- _Exercise prompt_
Start at the line with "Its 2 pc stitched" and print every line through the end of the material below. Keep it exact and free of pictures.

- _Records_
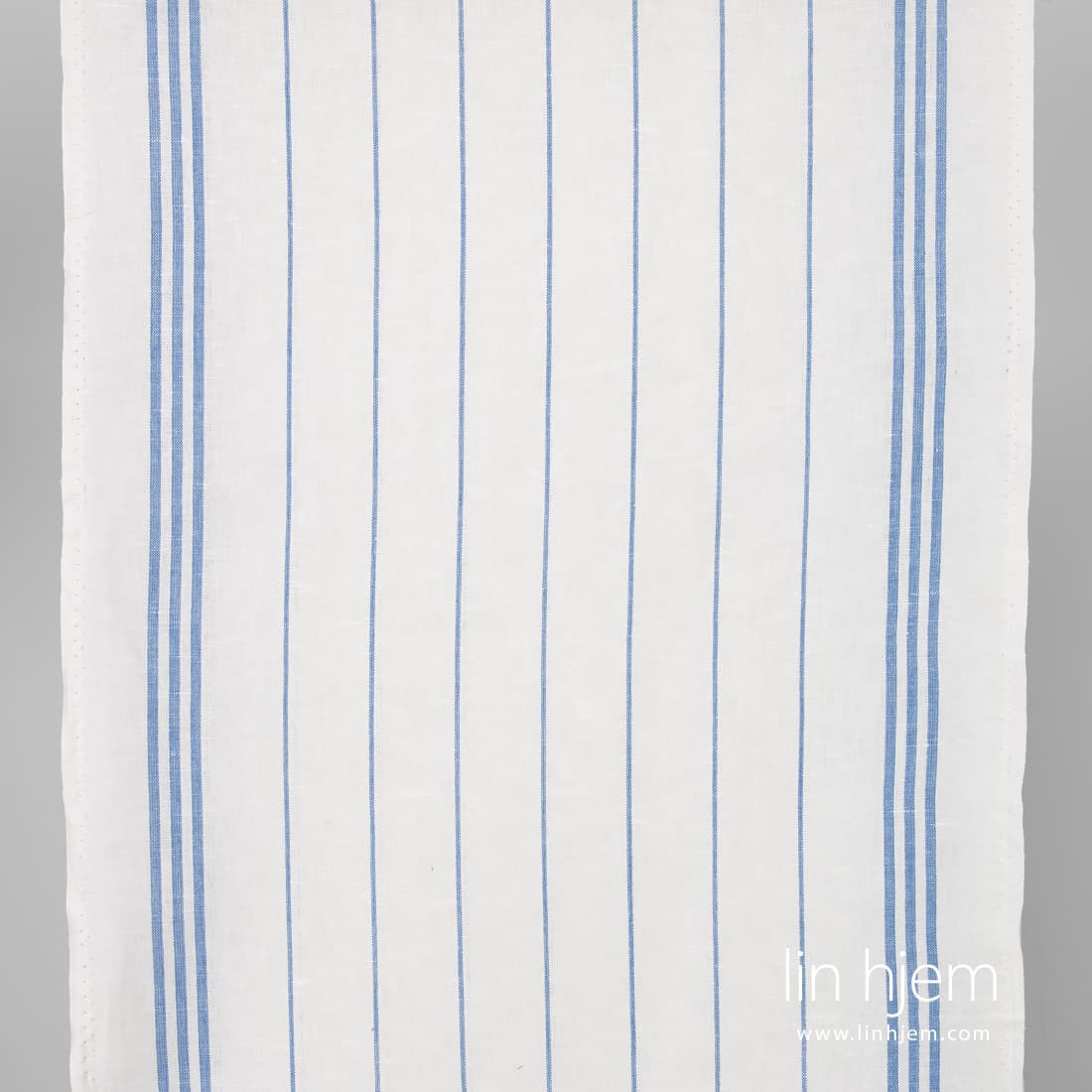• Blått stripete halvlin stoff.
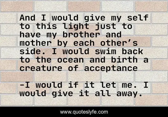 This page presents the quote "And I would give my self to this light just to have my brother and mother by each other’s side. I would swim back to the ocean and birth a creature of acceptance". Author of this quote is I would if it let me. I would give it all away.. This quote is about but dreaming, a.p. sweet, dead,.
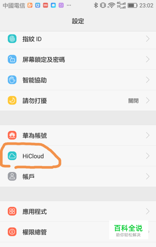 返回到”设置“界面,进入HiCloud页面 进入方法:设置 -》HiCloud
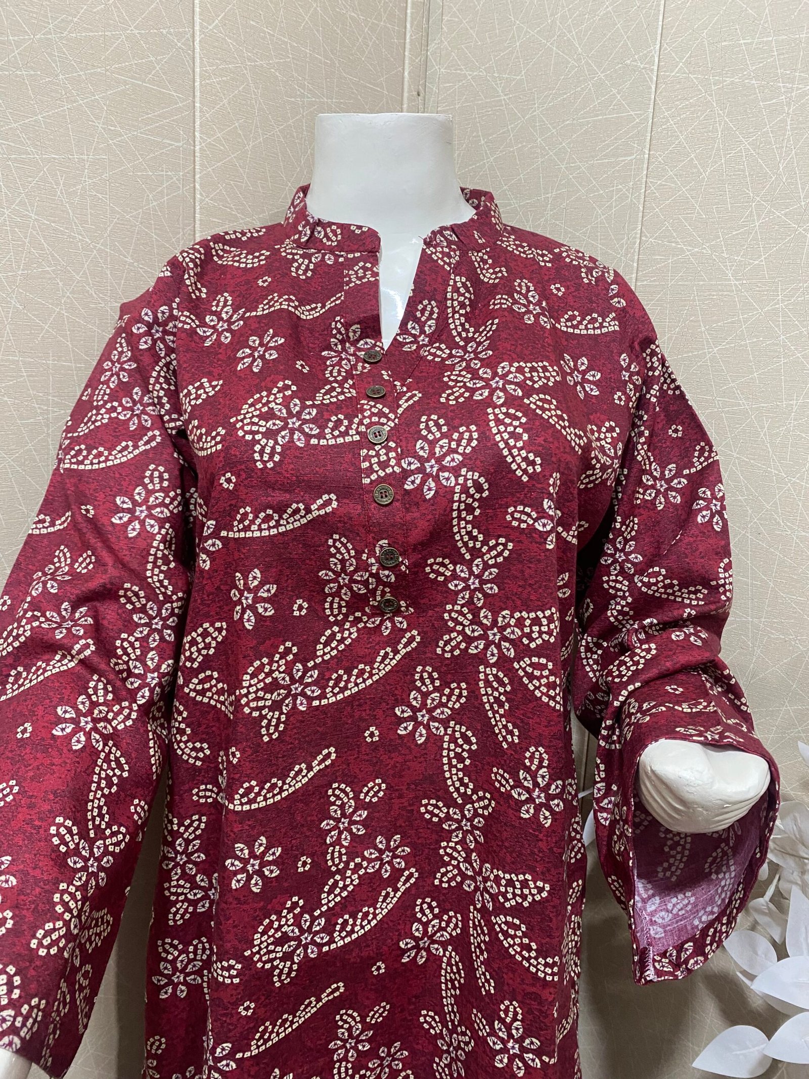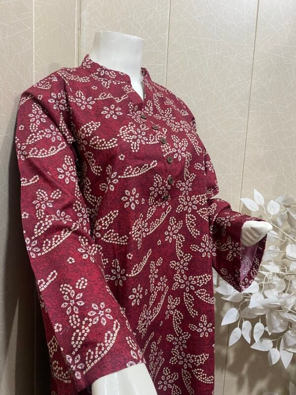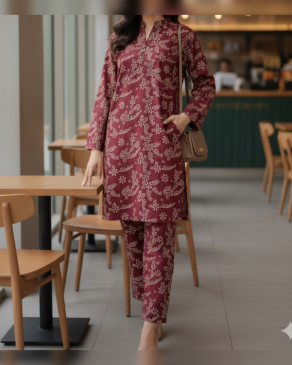 Its 2 pc stitched dresse, beautiful digital printed soft khaddar, shirt wt straight trouser. Button detailing wt ban neckline, loose fit sleeves.
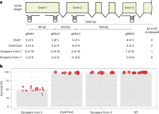 Extended Data Fig. 2 T3 heterozygous ClvR crosses for (a) female ClvRap and (b) male ClvRap.
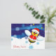 Cartão do Natal com uma abelha com o terno de Papai Noel

- _Reply to the task_
 Its 2 pc stitched dresse, beautiful digital printed soft khaddar, shirt wt straight trouser. Button detailing wt ban neckline, loose fit sleeves.
 Extended Data Fig. 2 T3 heterozygous ClvR crosses for (a) female ClvRap and (b) male ClvRap.
 Cartão do Natal com uma abelha com o terno de Papai Noel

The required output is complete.